Reactions: Like 1 | Funny 3


----------



## EulersK (Mar 19, 2016)

They're more difficult than the avic I've had for a simple reason - my avic bolts for the exit if the timing suits her. My mac's always, always go for the hide, absolutely invariably. Like you said, I don't become complacent, but it's still a nice behavior.

To be clear, this is the _only _reason I'm saying they're easier than avics. H. mac's are more fragile, have much worse venom, are far faster, and require more specific climate controls. All in all, anyone would agree that H. maculata's are an advanced species while avics are beginner/intermediate. It's purely the unpredictable running that makes some arboreals more difficult to deal with.

Remember: even a slow avic is far faster than their keeper.

Reactions: Like 1


----------



## viper69 (Mar 19, 2016)

borotasinisa said:


> No they can't, maybe you misunderstood me because it's hard for me to explain those methods in words and make it a short, efficient message. You cut a U-shape in thin transparent plastic (or plexiglass) and switch it with a lid in a way there is no space more then a half a milimeter maybe. Then as you pushing it so U-shape hole is at the top at the same time you are puting the foreceps through, it's very simple and there is no room for getting through, maybe for salticidae sp. sling but T's no. If you know "viperkeeper" from youtube, he uses this method for venomous snakes just in a different way. In the end you can put a plastic tube from one enclosure to another with two U-plexes on each one and do the transfer that way, 0% chance for escape, poke the spider through holes into the tube and into the new enclosure, switch U-plexes with lids and thats it. No contact with the spider. It sounds a little bit messy when written, there are a lot more details wich I use (I use this only with most potent T's, so I don't have to think about it) but I hope you get the idea.


Do you have a video of this? I'm a visual learner type of person and only parts of this make sense.

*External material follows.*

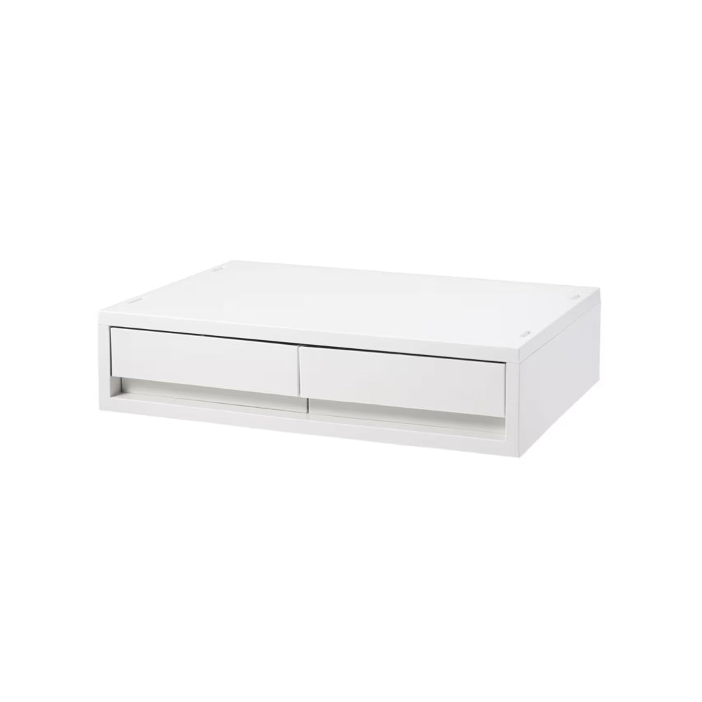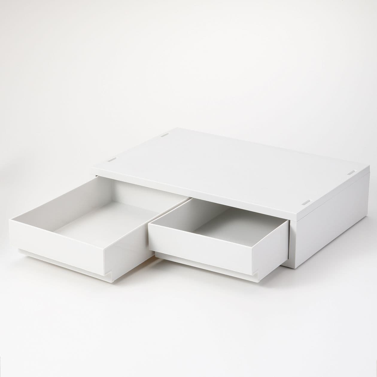 場所や用途に合わせてサイズを選び自由に組み合わせられる収納ケースです。2つの引き出し付きで、書類などを分けて収納することができます。

Or which video from viperkeeper demonstrates this procedure/setup? He has a ton of videos, none of which indicate this setup.


----------



## louise f (Mar 19, 2016)

cold blood said:


> I agree completely.   The first bunch I had (2i), I lost two in the first week, until I realized what I needed to do, which was give them more ventilation and less moisture (like dry) than I would give to say, an Asian (or most small slings).
> 
> I agree that even when small, they are beautiful in those brief moments of visibility.  I also like them more and more the longer I keep them.
> 
> ...



Time for a little song

Reactions: Love 1 | Lollipop 1


----------



## louise f (Mar 19, 2016)

bryverine said:


> I didn't even know they could do this!
> 
> I had searched the web on several occasions looking for a threat posture of one of these guys only to come up empty handed.




look at this one

Reactions: Funny 1 | Lollipop 1


----------



## Steve123 (Mar 19, 2016)

In general I notice running around in circles when the enclosures are new. In an established enclosure, whether H. mac or S. cal, the most I see is retreat upon opening the lids. My H. mac tend to web vertically, in corners, choosing the corner with bark tilted against it, but at least you can see them through the webbing. In the same situation, my S. cal will make their hides _below_ the cork, tend to lay less webbing, and often I can't find them for several minutes when looking from the outside.

I do not look forward to rehousing, and my wife, who helps a lot, has been bitten once, by an AF H. mac that darted for freedom when being rehoused. I doubt she'd have been bitten if she hadn't tried to use a hand to divert, but so it went. The T earned the name Ms. Meanie, and we don't in general name Ts.

When rehousing juvenile NW Ts that run up my arm, I will cup them with the hand of the other arm. In general I won't do that with OW Ts, and probably never would with H. mac or S. cal, anticipating a bite when the fingers close around the panicked juvenile.

As far as which to choose, I'm for H. mac. The larger size and speckled beauty are hard to beat. It's sometimes easy for me to forget I own S. cal, not sure why.

Nice thread!

Reactions: Like 2


----------



## Pociemon (Mar 19, 2016)

louise f said:


> ARE YOU SURE  She looks like she want`s a big kiss


I garantee you that they will go all the way to Slagelse to give you a big hug;-)

Reactions: Funny 1


----------



## louise f (Mar 19, 2016)

Pociemon said:


> I garantee you that they wil go all the way to Slagelse to give you a big hug;-)


Sure thing

Reactions: Like 1 | Love 1


----------



## bryverine (Mar 19, 2016)

louise f said:


> look at this one


I wish my boy was a girl...


----------



## borotasinisa (Mar 20, 2016)

viper69 said:


> Do you have a video of this? I'm a visual learner type of person and only parts of this make sense.
> 
> Or which video from viperkeeper demonstrates this procedure/setup? He has a ton of videos, none of which indicate this setup.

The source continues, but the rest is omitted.